Le troisième risque est celui de l’hypertrophie du perlocutoire. Dans la théorie des actes de langage selon Austin, le locutoire est ce que l’on dit, l’illocutoire est la fonction qu’on donne à ce que l’on dit, le perlocutoire est l’effet de ce que l’on dit sur l’interlocuteur. Le locuteur, selon ce qu’il perçoit ou suppose des attentes de l’interlocuteur, risque, par opportunisme, de présenter telle valeur comme plus relevante que telle autre. Le locuteur opportuniste explique à l’interlocuteur utilitariste que la valeur axiologique de la biodiversité est surtout confortative (« ethic pays ») mais il n’insiste pas sur la valeur économique s’il s’adresse à l’interlocuteur essentialiste. S’il se veut consensuel, le locuteur opportuniste met l’accent sur les valeurs qui rallient la majorité des suffrages, sans doute les valeurs écosystémiques et patrimoniales. Les stratégies rhétoriques sont nécessaires à des fins de communication, en particulier pour convaincre les décideurs politiques mais aussi l’opinion publique. À des fins stratégiques, le locuteur opportuniste se présentera donc de préférence comme pragmatique. Il pourra ainsi décrire comme opérationnelle la gestion de la biodiversité qui satisferait à un double test : celui, économique, de l’optimum de Pareto, la biodiversité participe au plus grand bien-être du plus grand nombre ; celui, axiologique, du ralliement éthique, la biodiversité participe des valeurs morales les plus largement admises.
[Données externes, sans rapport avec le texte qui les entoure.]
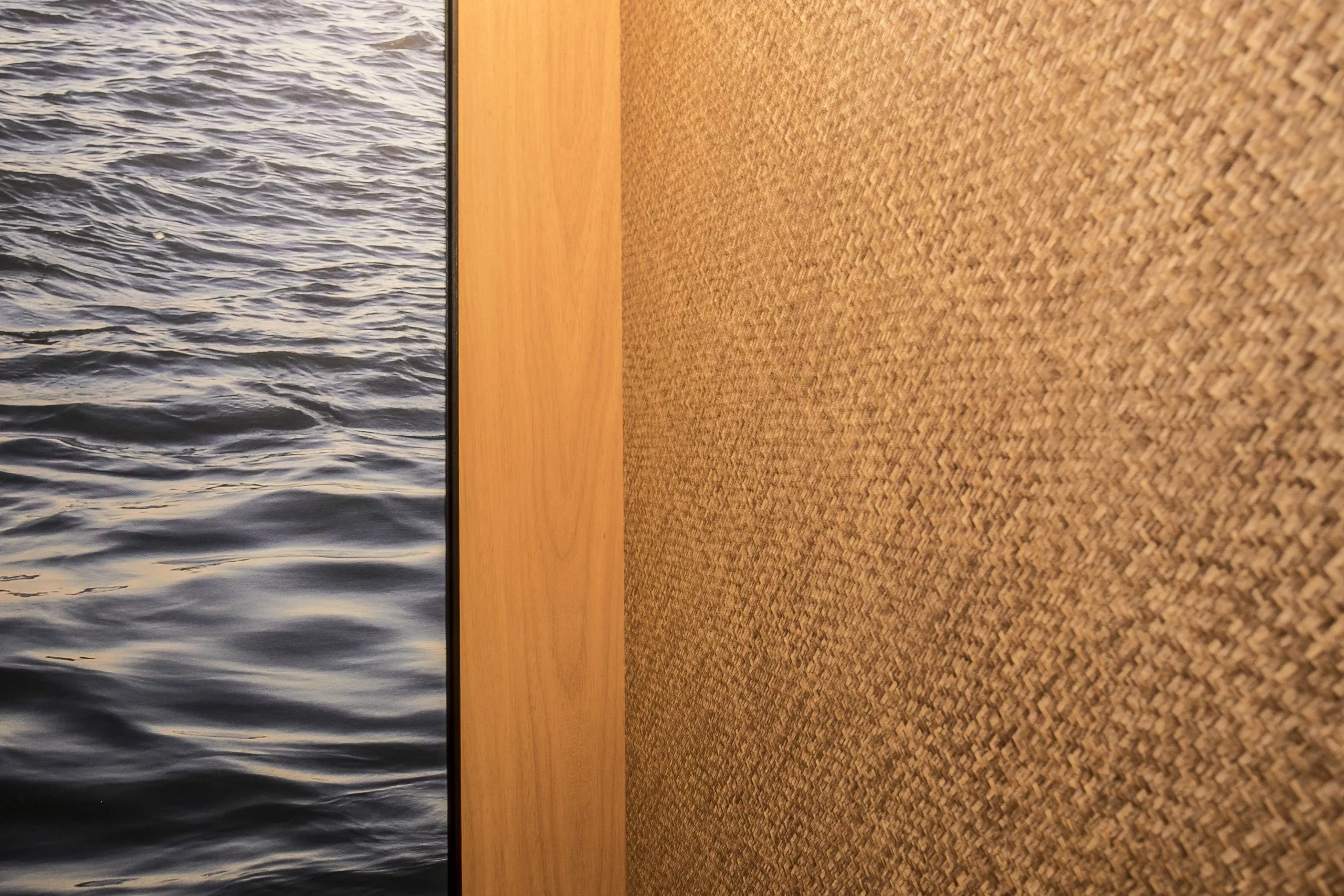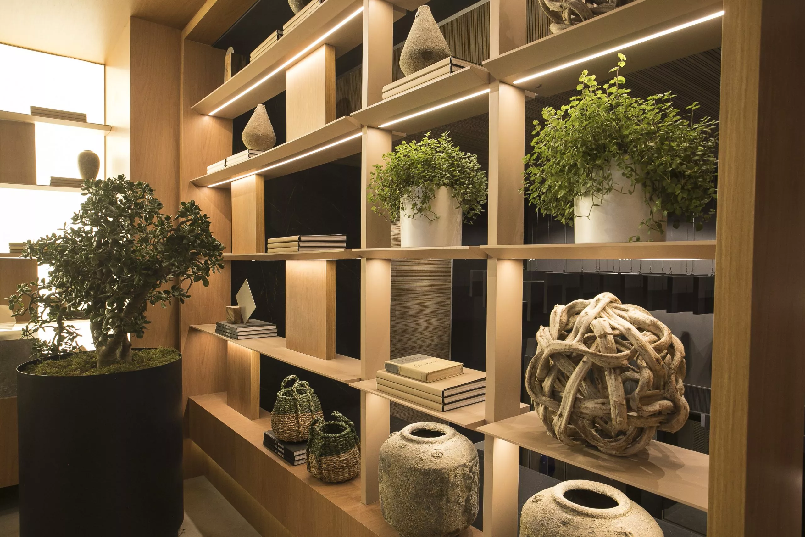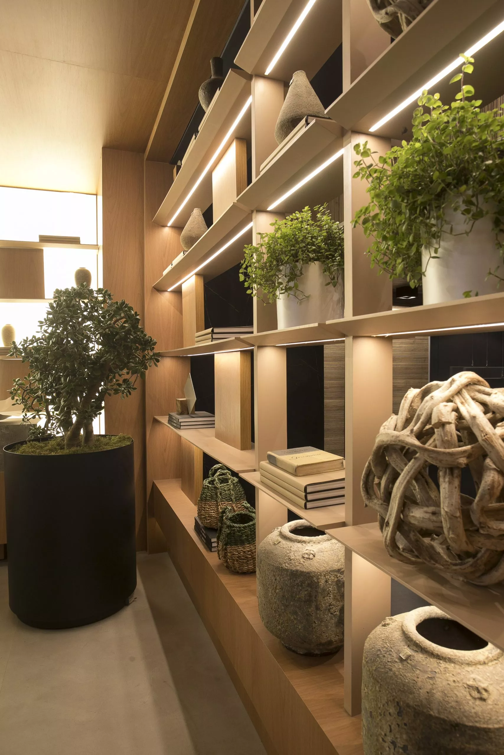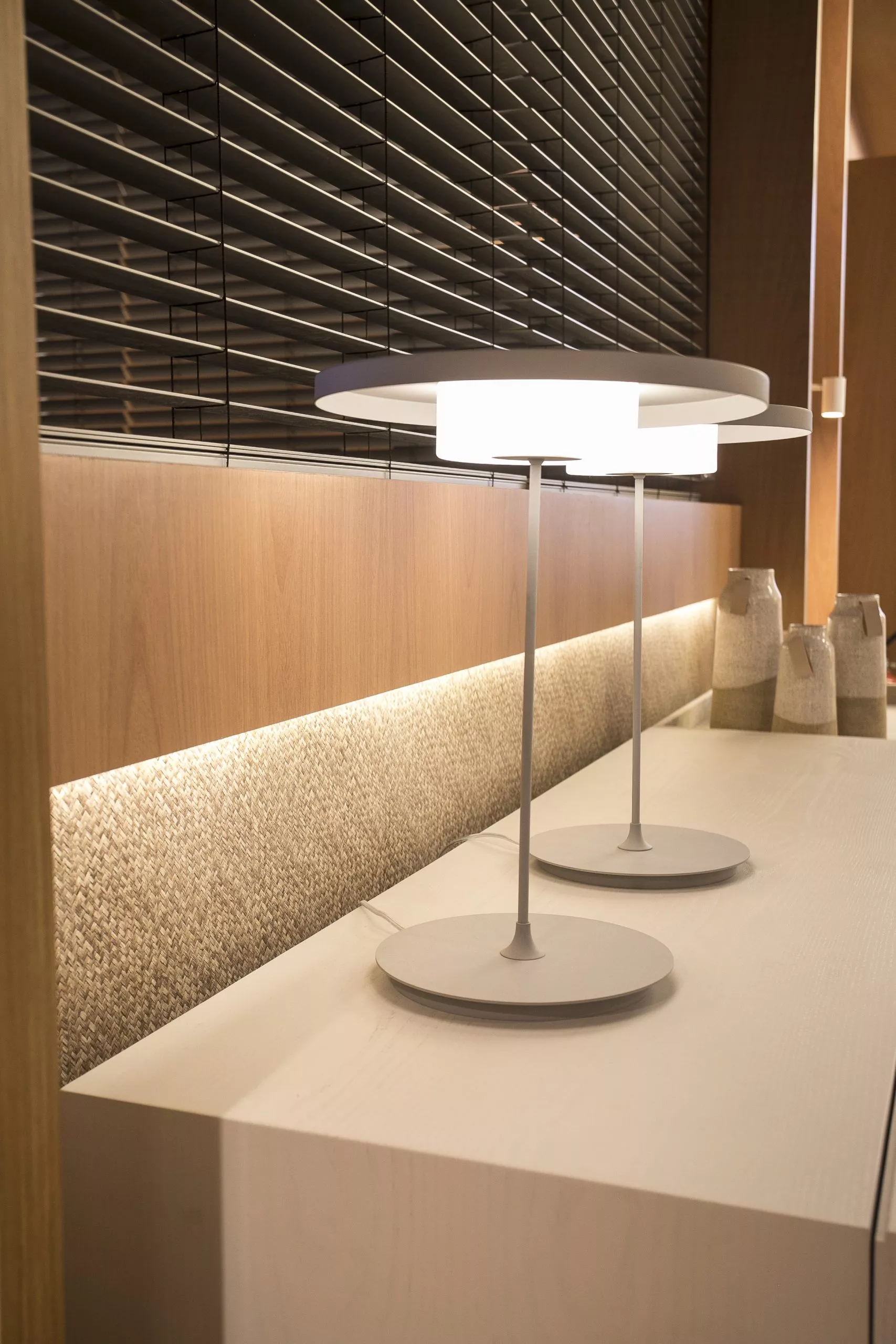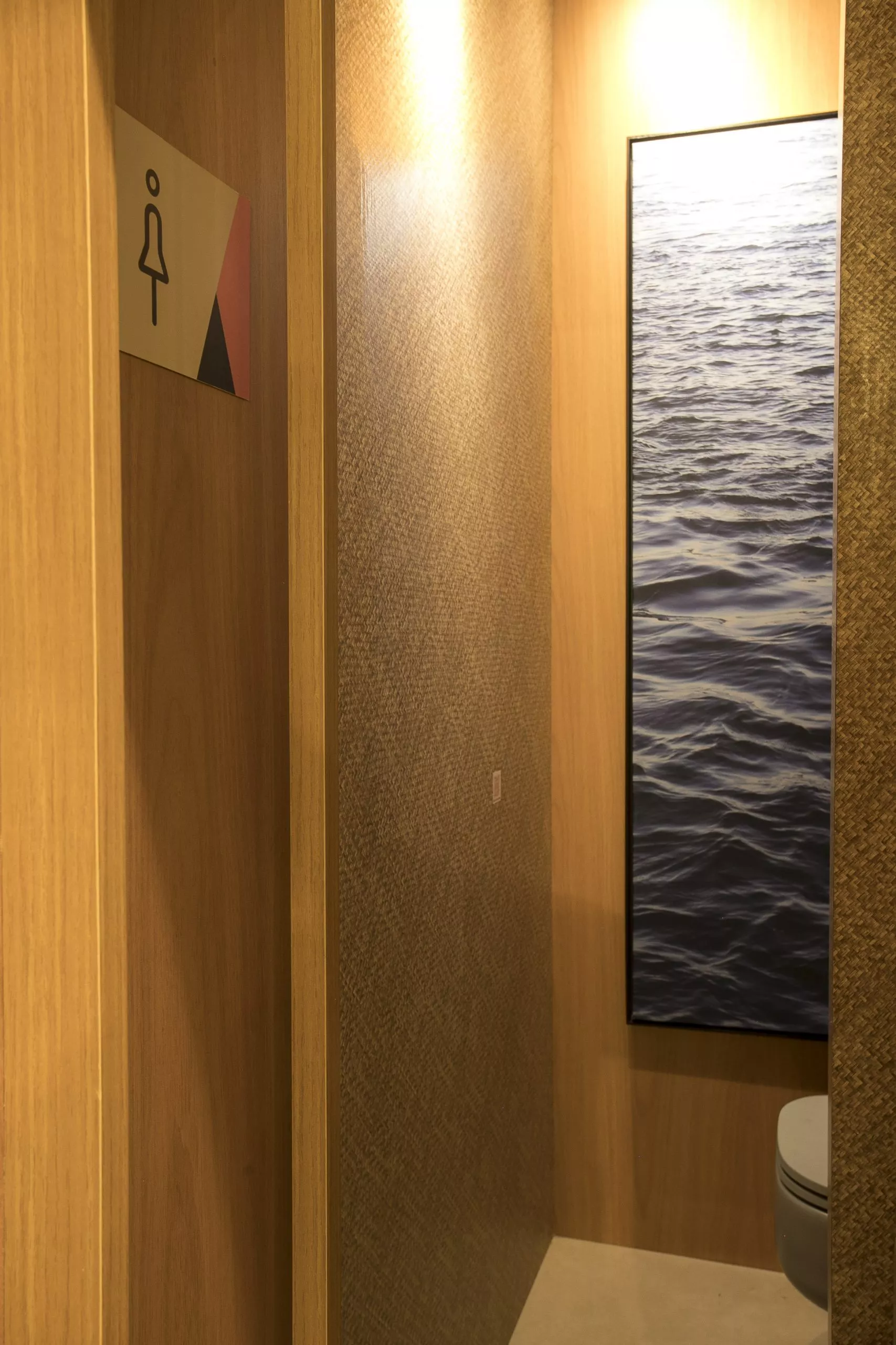 O ambiente é assinado pelos arquitetos Alessandro Cavalcanti e Ricardo Makhoul. Baseado nos sinônimos âmago, cerne e aconchego, o conceito do projeto foi norteado pela busca de essências de conforto e do calor das relações humanas. A proposta apresenta soluções de convivência, trabalho e proximidade entre os usuários. Uma ambientação rica em texturas como a madeira, através do padrão Jequitibá Rosa, lançamento da Coleção Olhares da Duratex para a linha Essencial Wood, que foi aplicado tanto no revestimento das paredes como no teto. A textura das fibras também está presente no revestimento das paredes do lavabo, onde os profissionais usaram o padrão Fibra Nativa, lançamento da linha Quadratta. E para finalizar, o Estar Íntimo Duratex apresenta na marcenaria da mesa do living o padrão Pinole, lançamento da nova coleção para a linha Essencial.
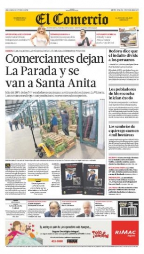 Cerramos este repaso con el decano de la prensa local, El Comercio, que también pone en su portada el traslado de los comerciantes de La Parada al centro de abastos de Santa Anita; al igual que Perú 21.
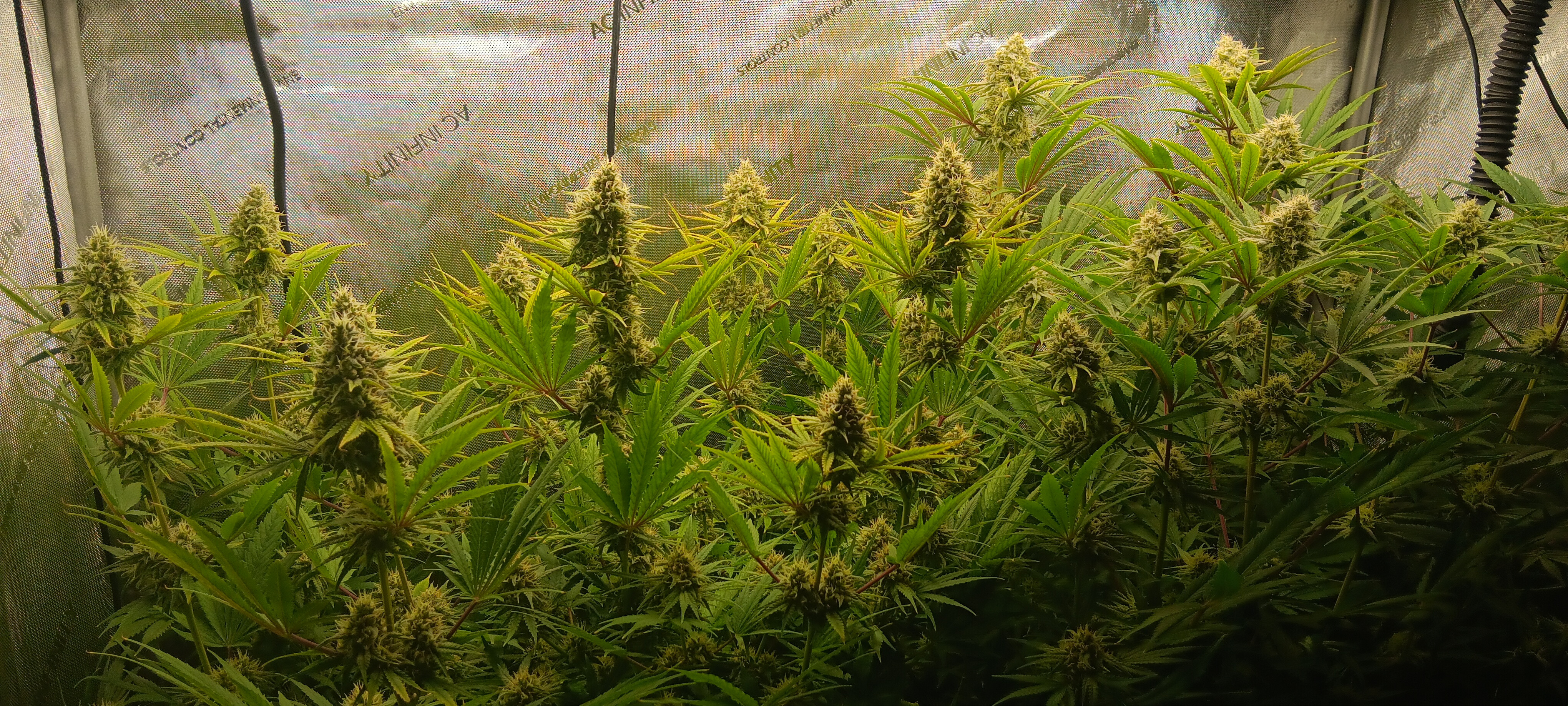 Flower Room: 11' x 7' x 7.5'H, 480w AC, 13gal/day dehumidifier, 1.5gal ultrasonic humidifier, 60gal (27gal usable) nute tank, 16" pedestal fan & 18" wall fan. Lighting and climate automated. Hand watering.
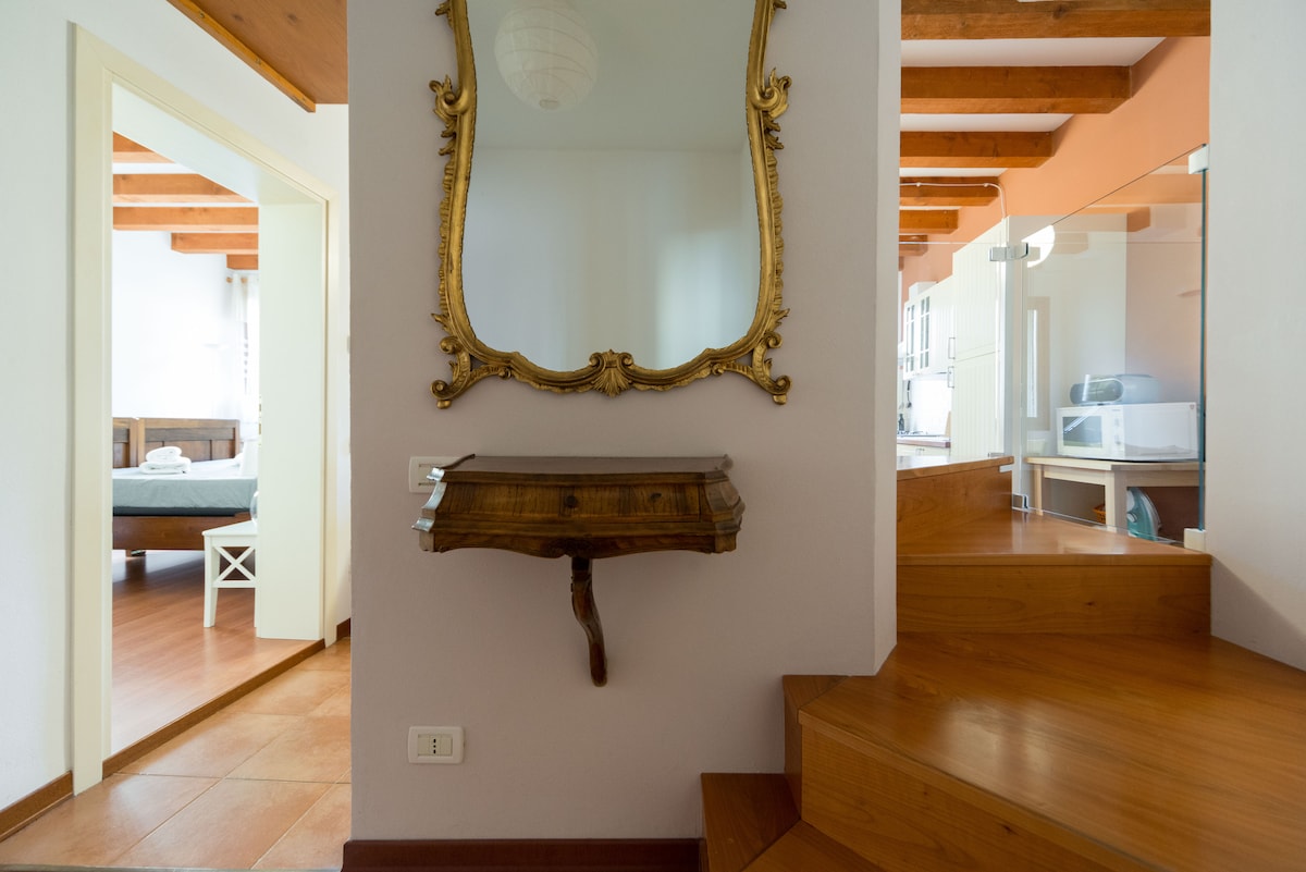Onlangs gerenoveerd appartement op de eerste en tweede verdieping van een oud gebouw. Het huis is gelegen in een woonwijk en centrale wijk van Venetië, in een zeer rustige binnenplaats, weg van het intense toeristische verkeer. Je wordt ondergedompeld in de Venetiaanse sfeer! De overloop, letterlijk op een boogscheut van de voordeur, maakt het heel gemakkelijk om het appartement vanuit elke richting te bereiken met een watertaxi. Houd het simpel in deze rustige, centraal gelegen accommodatie.
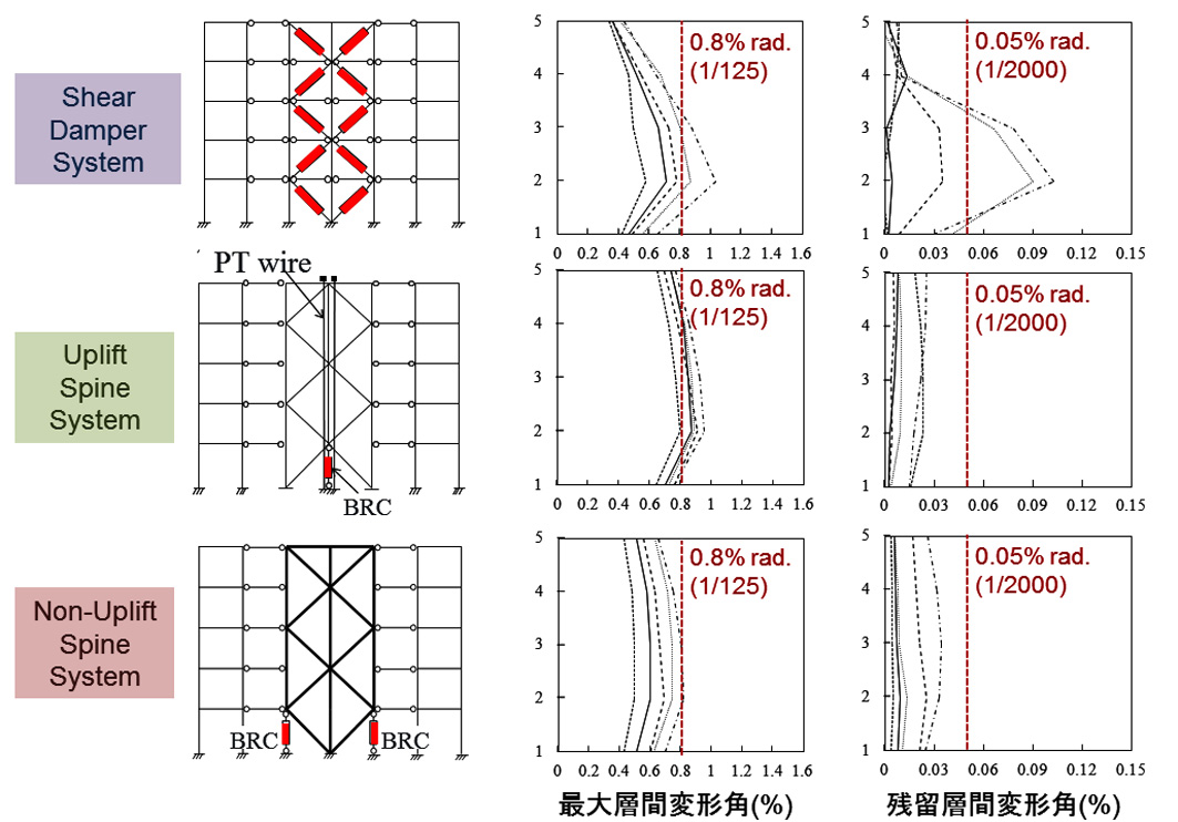 しかしセルフセンタリング機能のない下段のNon-uplift Spine Systemでもそれほど遜色ない性能を示しており、主構造が十分に残留変形の制御性能を有していることがわかります。
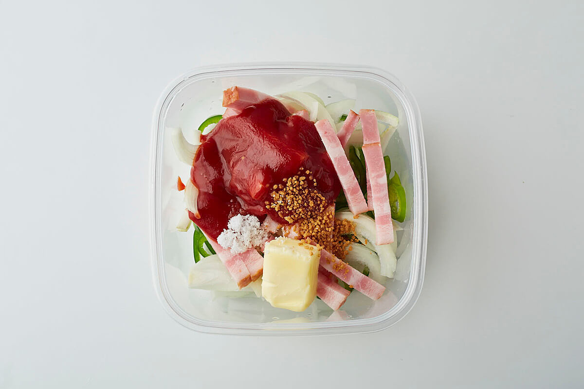 レンジ調理に欠かせないのが、耐熱容器。余ったときはそのまま保存できます。下記レシピでは、プラスチックの容器を使用します。角型は材料を入れやすく、加熱ムラが少ないので調理に向いています。汁気がこぼれないように、ある程度深さがあるものを選んで。
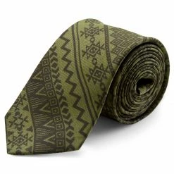 Want to cultivate a stylish, modern look? Try this Aztec inspired khaki print tie. The muted colors team well with other colors, allowing for easy wearing. It comes gift boxed too, and the packaging is made with sustainable materials.
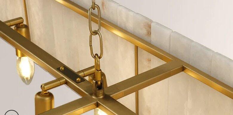 Our fixture by renowned designer Theo Eichholtz evokes the glamour of 1960s Italian lighting. Arranged within a sleek metal frame, dozens of translucent alabaster panes produce a dramatic play of light and a softly diffused glow.
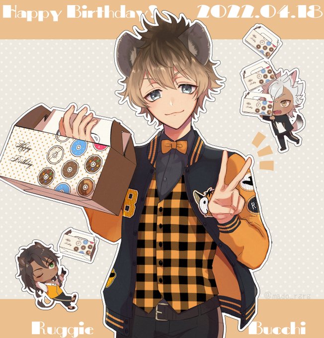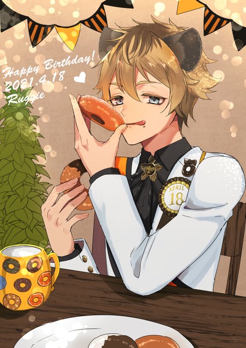 プレゼント(貢物)に迷ったらドーナツ箱買いが安定らしい。 おめでとうございます!🍩🍩🍩いっぱい食べろ~! #ラギー・ブッチ生誕祭2022 #ラギー・ブッチ誕生祭2022 #ツイステファンアート

V. Deux points de vue conciliables

Il convient de déjouer les ruses rhétoriques pour faire jouer le questionnement éthique (V. Devictor). Il est pourtant nécessaire d’user des ruses de l’intelligence pour agir avec habileté sur des réalités mouvantes (A. Papaux). Ces deux points de vue apparemment contradictoires se rejoignent si l’on répudie une certaine arro-gance rationaliste (G. Bœuf ). Bien penser et bien dire les valeurs de la biodiversité suppose en définitive d’avoir humblement conscience de la part d’illusion que comporte l’idée, encore répandue, de toute-puissance du sujet et de mainmise de l’homme sur la nature (A. Zabalza, I. Doussan).